→ **Work required**:
Pictures stay out; please output the remaining data exactly.

→ **Provided data**:
■ ■ ■ ■ ■

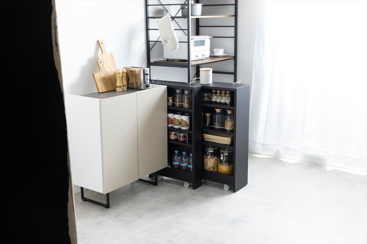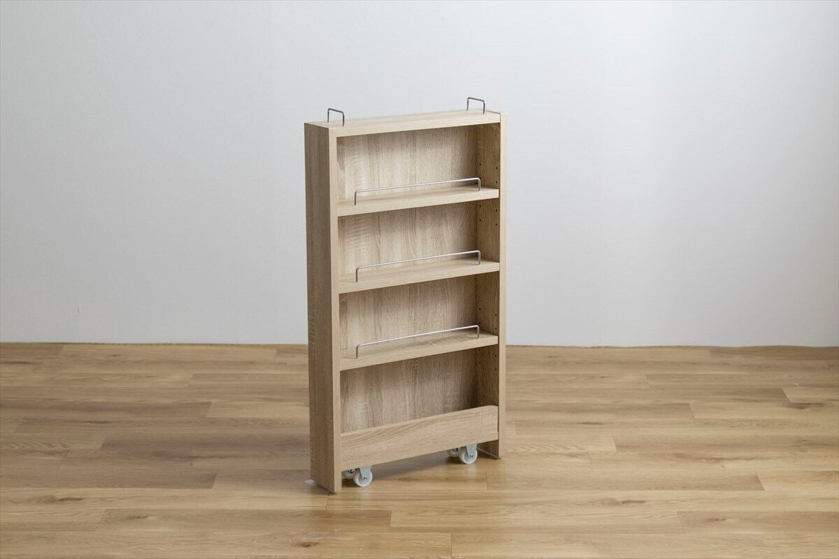 スリムながら、最大で5段の棚を備えており、調味料や本、雑貨などを効率よく整理整頓できます。オープンなデザインなので、必要なものが一目で分かり、出し入れもスムーズです。限られたスペースを有効活用できる、この隙間収納ラックで快適な生活をサポートします。
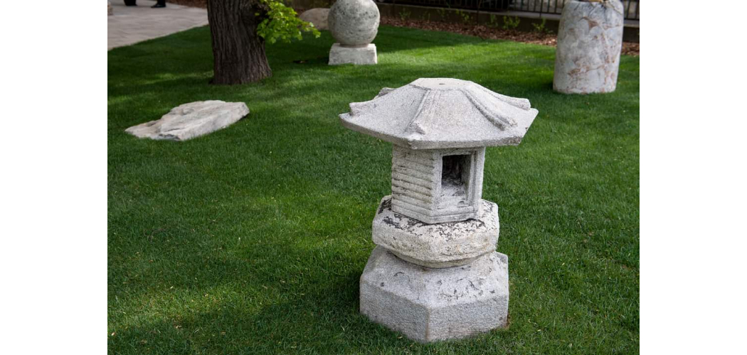 Leírás: A japánkertek jellegzetes díszítőeleme a kőlámpás. Fotó: Áment Gellért / Szépművészeti Múzeum, Budapest, 2015.
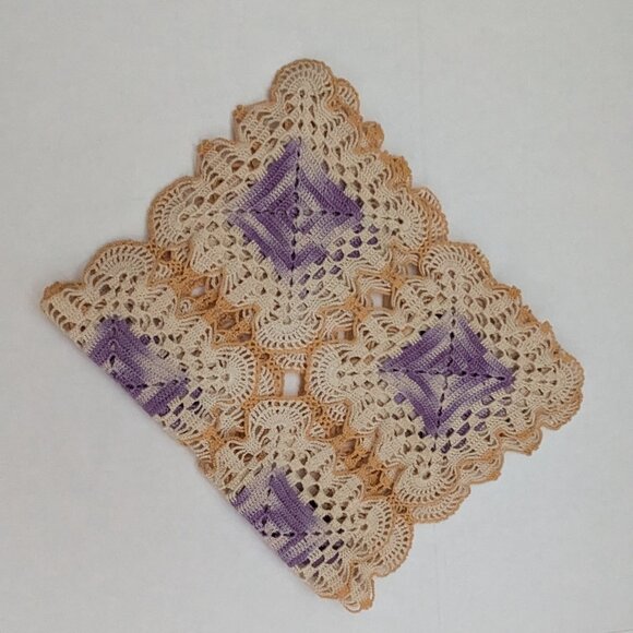 This lovely small table runner/doily/dresser scarf comes from an earlier era - most likely mid century. It is hand crocheted in colors of purple, orange, and beige cotton threads. Measurements are 9 inches wide x 30 inches long.
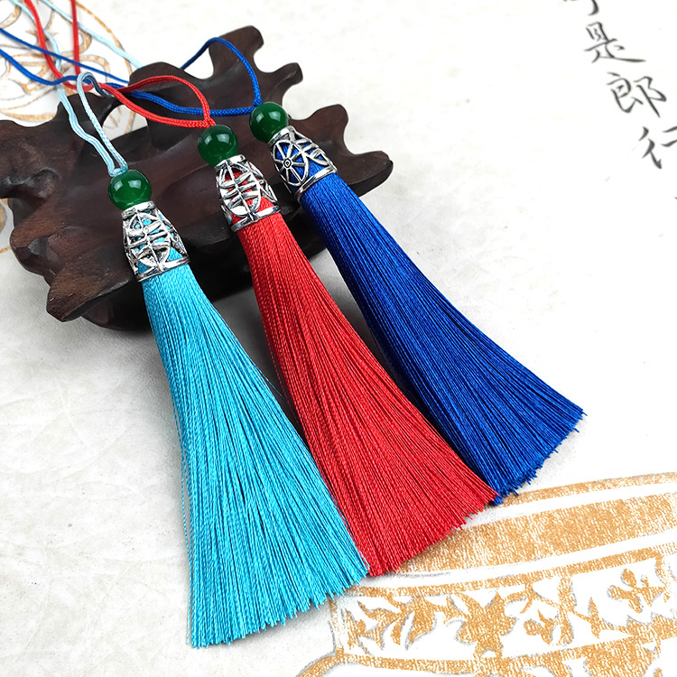 厂家直销 新款高品质中国结特细软滑冰丝合金带玉珠流苏穗子批发
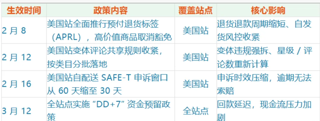 为帮助卖家快速掌握新政核心信息,以下整理了各政策的生效时间、核心内容、覆盖站点及直接影响,便于卖家按时间节点推进准备工作:
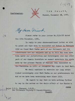 وبحسب الوثائق المختلفة فإن مشكلة حدود وادي مدحاء كانت ستختفي لو وافق أن قابوس على عرض شيخ الفجيرة حينها بالإنصمام إلى السلطنة قبل إتحاد الإمارات، مقابل تكفل السلطنة بتكاليف المستشفيات والمدارس وتوليد الكهرباء وغيرها -وهو عرض نبيل- لكن قابوس رفض العرض بمشورة الإنگليز.
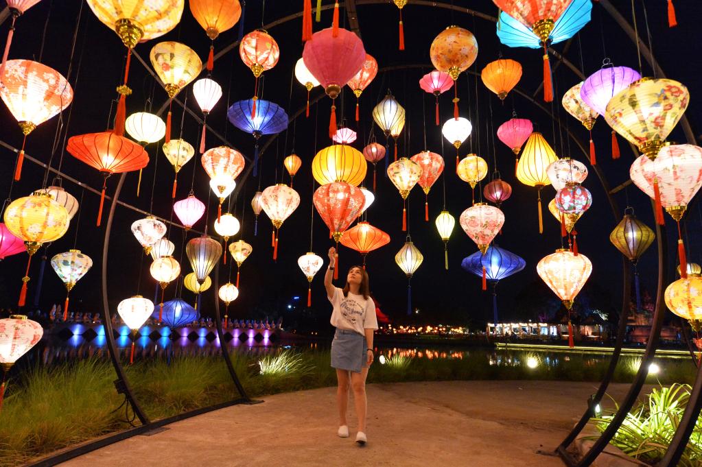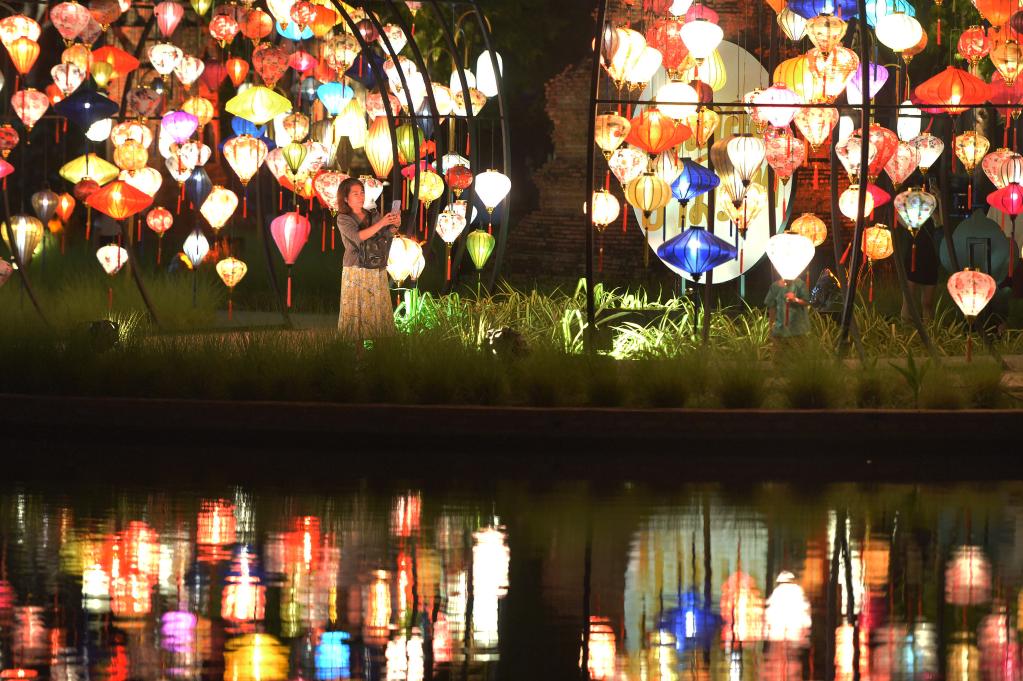 ساموت براكان 5 نوفمبر 2022 (شينخوا) في الصورة الملتقطة يوم 4 نوفمبر 2022، امرأة تلتقط صورا في مهرجان تايلاند الدولي للفوانيس والأطعمة في موانغبوران بمقاطعة ساموت براكان في تايلاند.
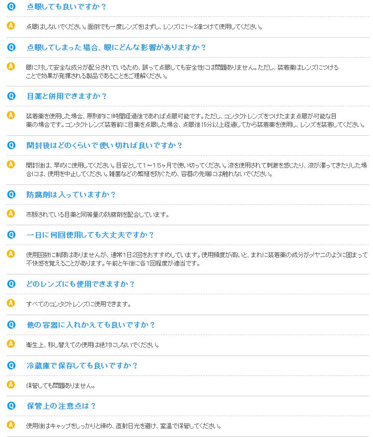 【用法容量】本剤の1〜3滴で、コンタクトレンズの両面をぬらして装着すること。
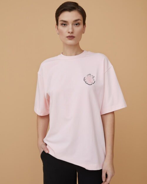 Koszulka unisex z krótkim rękawem wykonana z 92% z bawełny i 8% elastanu. Prosty krój, okrągły dekolt i wyjątkowy haft wiosennej lilii.
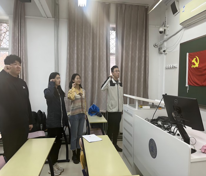最后,三名同志在党旗下庄严宣誓。至此,本科生第二党支部2023-2024学年秋季学期第一次发展大会圆满结束。
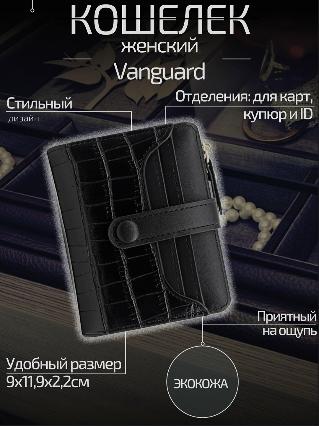 Женский кошелек Vanguard Р433-15 Компактный и функциональный кошелек Vanguard - ваш незаменимый помощник для хранения самых необходимых карт и наличных. Сочетание гладкой и фактурной поверхности под крокодиловую кожу создает стильный и современный вид. Кошелек имеет несколько слотов для карт, расположенных в удобном доступе, а также отделение на молнии для монет. Благодаря своему небольшому размеру, он легко поместится в кармане или небольшой сумочке. • Отделения для пластиковых карт • Отделение для купюр • Отделение для ID • Материал: экокожа • Размеры: 9*11,9*2,2см
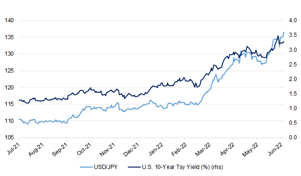 Fig. 1: USD/JPY vs. U.S. 10-Year Tsy Yield (%)
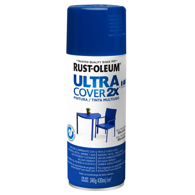 Dale un toque de color a tus proyectos con el Aerosol Ultra Cover 2x azul profundo brillante de Rust-Oleum. Esta pintura en aerosol es ideal para renovar muebles, objetos de metal, madera y plástico, tanto en interiores como en exteriores. Su fórmula de doble cobertura te permite obtener un acabado profesional en menos tiempo, con un color intenso y duradero. ¡No te pierdas la oportunidad de darle una nueva vida a tus objetos con este producto de alta calidad!
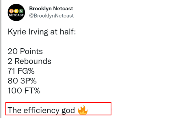 美媒Brooklyn列出了欧文的上半场数据:除了20分,他的命中率71%,三分命中率80%,罚球命中率100%,并称赞他为效率之神。篮网上半场20助攻,创赛季至今的半场新高,而且全队只有4次失误。篮网半场领先26分,创造了本赛季篮网半场领先的第二大分差。
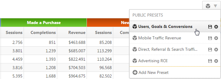Create multiple versions of Marketing KPI reports with presets
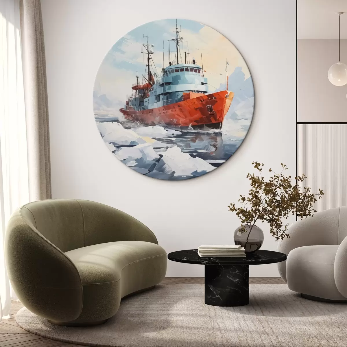 Quadri rotondi Nave rossa tra i ghiacci r42750
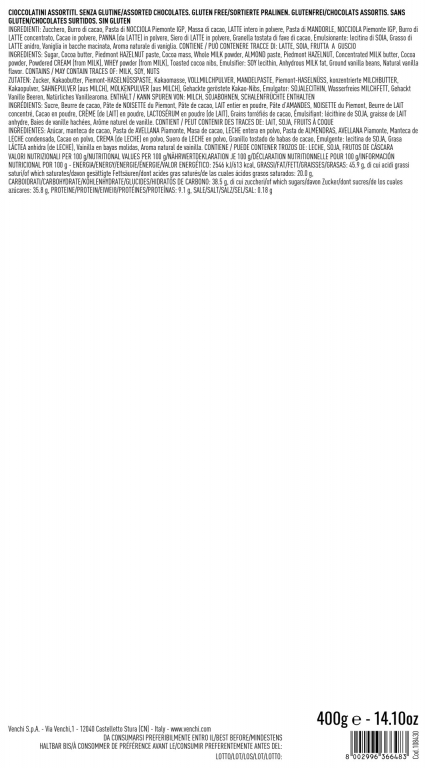 CIOCCOLATINI ASSORTITI. SENZA GLUTINE INGREDIENTI: Zucchero, Burro di cacao, Pasta di NOCCIOLA Piemonte IGP, Massa di cacao, LATTE intero in polvere, Pasta di MANDORLE, NOCCIOLA Piemonte IGP, Burro di LATTE concentrato, Cacao in polvere, PANNA (da LATTE) in polvere, Siero di LATTE in polvere, Granella tostata di fave di cacao, Emulsionante: lecitina di SOIA, Grasso di LATTE anidro, Vaniglia in bacche macinata, Aroma naturale di vaniglia. CONTIENE / PUÒ CONTENERE TRACCE DI: LATTE, SOIA, FRUTTA A GUSCIO
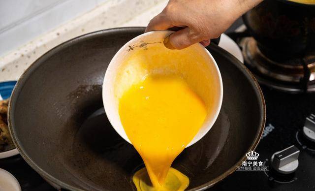 先把雞蛋放下去煎,煎定型瞭就可以盛出鍋備用瞭。
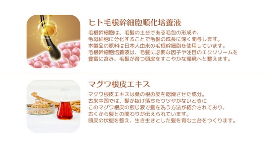 毛髪に必要な因子を豊富に含む 『ヒト毛根幹細胞順化培養液』を高配合し
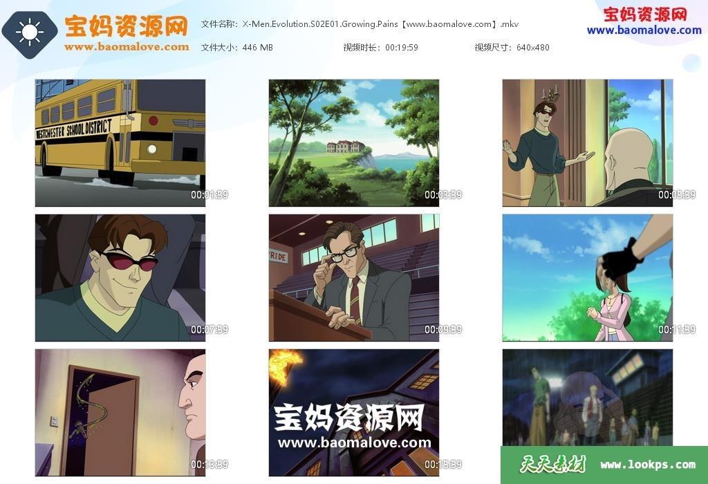 天天资源网收录的动画片《X-Men: Evolution》X战警:进化英文版 第二季,全部17集,英语发音,内置英文字幕(可以下载后使用播放器选择字幕或者关闭字幕);资源总大小约7.8G,单集播放时长约21分钟,480P标清MKV视频格式,可以在电视机或电脑、平板、IPAD、早教机、手机等各种智能设备播放,提供百度云网盘下载。
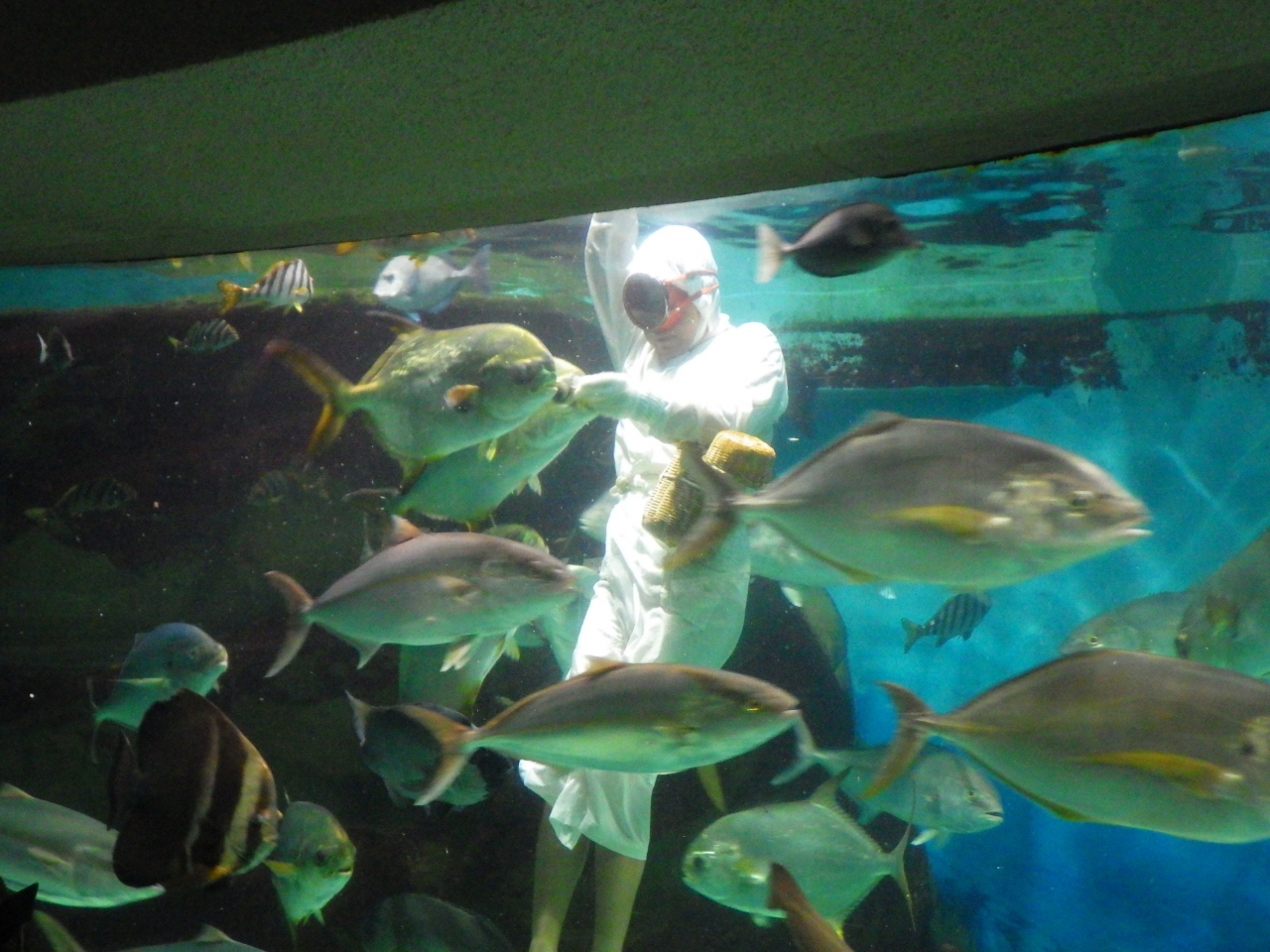 海女の餌やりは、ドーナッツ型の回遊水槽に白い磯着姿の海女さんが入り、泳ぎながらエサをあげると、沢山の魚が寄ってきます。海女さんが泳いだり潜ったりする姿も素敵でした。
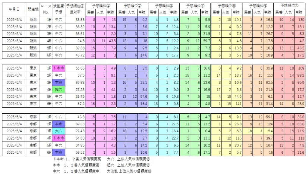 5/4 前半 ド本命2レース、本命3レース、大穴1レース、超穴1レース
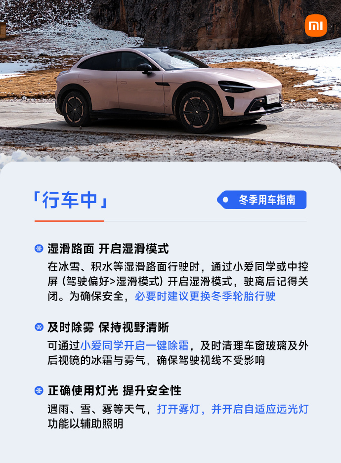 凤凰网科技讯 12月10日,小米汽车官方分享了一份冬季用车指南。其中提到,出行前检查胎压状态,胎压推荐值为2.9bar;避免低电量长停户外;洗车避免使用热水,以免车漆和玻璃因热胀冷缩而损伤;并建议不要直接用雨刮清理玻璃积雪,以免造成损坏。正确的操作方法是:先清扫表面积雪-通过中控屏开启“雨刮器维护模式-轻抬雨刮臂清除残留冰渣-最后使用前风挡除雾功能融化冰层。

■ ■ ■ ■ ■

→ **Output for this task**:
 スリムながら、最大で5段の棚を備えており、調味料や本、雑貨などを効率よく整理整頓できます。オープンなデザインなので、必要なものが一目で分かり、出し入れもスムーズです。限られたスペースを有効活用できる、この隙間収納ラックで快適な生活をサポートします。
 Leírás: A japánkertek jellegzetes díszítőeleme a kőlámpás. Fotó: Áment Gellért / Szépművészeti Múzeum, Budapest, 2015.
 This lovely small table runner/doily/dresser scarf comes from an earlier era - most likely mid century. It is hand crocheted in colors of purple, orange, and beige cotton threads. Measurements are 9 inches wide x 30 inches long.
 厂家直销 新款高品质中国结特细软滑冰丝合金带玉珠流苏穗子批发
 为帮助卖家快速掌握新政核心信息,以下整理了各政策的生效时间、核心内容、覆盖站点及直接影响,便于卖家按时间节点推进准备工作:
 وبحسب الوثائق المختلفة فإن مشكلة حدود وادي مدحاء كانت ستختفي لو وافق أن قابوس على عرض شيخ الفجيرة حينها بالإنصمام إلى السلطنة قبل إتحاد الإمارات، مقابل تكفل السلطنة بتكاليف المستشفيات والمدارس وتوليد الكهرباء وغيرها -وهو عرض نبيل- لكن قابوس رفض العرض بمشورة الإنگليز.
 ساموت براكان 5 نوفمبر 2022 (شينخوا) في الصورة الملتقطة يوم 4 نوفمبر 2022، امرأة تلتقط صورا في مهرجان تايلاند الدولي للفوانيس والأطعمة في موانغبوران بمقاطعة ساموت براكان في تايلاند.
 【用法容量】本剤の1〜3滴で、コンタクトレンズの両面をぬらして装着すること。
 Koszulka unisex z krótkim rękawem wykonana z 92% z bawełny i 8% elastanu. Prosty krój, okrągły dekolt i wyjątkowy haft wiosennej lilii.
最后,三名同志在党旗下庄严宣誓。至此,本科生第二党支部2023-2024学年秋季学期第一次发展大会圆满结束。
 Женский кошелек Vanguard Р433-15 Компактный и функциональный кошелек Vanguard - ваш незаменимый помощник для хранения самых необходимых карт и наличных. Сочетание гладкой и фактурной поверхности под крокодиловую кожу создает стильный и современный вид. Кошелек имеет несколько слотов для карт, расположенных в удобном доступе, а также отделение на молнии для монет. Благодаря своему небольшому размеру, он легко поместится в кармане или небольшой сумочке. • Отделения для пластиковых карт • Отделение для купюр • Отделение для ID • Материал: экокожа • Размеры: 9*11,9*2,2см
 Fig. 1: USD/JPY vs. U.S. 10-Year Tsy Yield (%)
 Dale un toque de color a tus proyectos con el Aerosol Ultra Cover 2x azul profundo brillante de Rust-Oleum. Esta pintura en aerosol es ideal para renovar muebles, objetos de metal, madera y plástico, tanto en interiores como en exteriores. Su fórmula de doble cobertura te permite obtener un acabado profesional en menos tiempo, con un color intenso y duradero. ¡No te pierdas la oportunidad de darle una nueva vida a tus objetos con este producto de alta calidad!
 美媒Brooklyn列出了欧文的上半场数据:除了20分,他的命中率71%,三分命中率80%,罚球命中率100%,并称赞他为效率之神。篮网上半场20助攻,创赛季至今的半场新高,而且全队只有4次失误。篮网半场领先26分,创造了本赛季篮网半场领先的第二大分差。
Create multiple versions of Marketing KPI reports with presets
 Quadri rotondi Nave rossa tra i ghiacci r42750
 CIOCCOLATINI ASSORTITI. SENZA GLUTINE INGREDIENTI: Zucchero, Burro di cacao, Pasta di NOCCIOLA Piemonte IGP, Massa di cacao, LATTE intero in polvere, Pasta di MANDORLE, NOCCIOLA Piemonte IGP, Burro di LATTE concentrato, Cacao in polvere, PANNA (da LATTE) in polvere, Siero di LATTE in polvere, Granella tostata di fave di cacao, Emulsionante: lecitina di SOIA, Grasso di LATTE anidro, Vaniglia in bacche macinata, Aroma naturale di vaniglia. CONTIENE / PUÒ CONTENERE TRACCE DI: LATTE, SOIA, FRUTTA A GUSCIO
 先把雞蛋放下去煎,煎定型瞭就可以盛出鍋備用瞭。
 毛髪に必要な因子を豊富に含む 『ヒト毛根幹細胞順化培養液』を高配合し
 天天资源网收录的动画片《X-Men: Evolution》X战警:进化英文版 第二季,全部17集,英语发音,内置英文字幕(可以下载后使用播放器选择字幕或者关闭字幕);资源总大小约7.8G,单集播放时长约21分钟,480P标清MKV视频格式,可以在电视机或电脑、平板、IPAD、早教机、手机等各种智能设备播放,提供百度云网盘下载。
 海女の餌やりは、ドーナッツ型の回遊水槽に白い磯着姿の海女さんが入り、泳ぎながらエサをあげると、沢山の魚が寄ってきます。海女さんが泳いだり潜ったりする姿も素敵でした。
 5/4 前半 ド本命2レース、本命3レース、大穴1レース、超穴1レース
 凤凰网科技讯 12月10日,小米汽车官方分享了一份冬季用车指南。其中提到,出行前检查胎压状态,胎压推荐值为2.9bar;避免低电量长停户外;洗车避免使用热水,以免车漆和玻璃因热胀冷缩而损伤;并建议不要直接用雨刮清理玻璃积雪,以免造成损坏。正确的操作方法是:先清扫表面积雪-通过中控屏开启“雨刮器维护模式-轻抬雨刮臂清除残留冰渣-最后使用前风挡除雾功能融化冰层。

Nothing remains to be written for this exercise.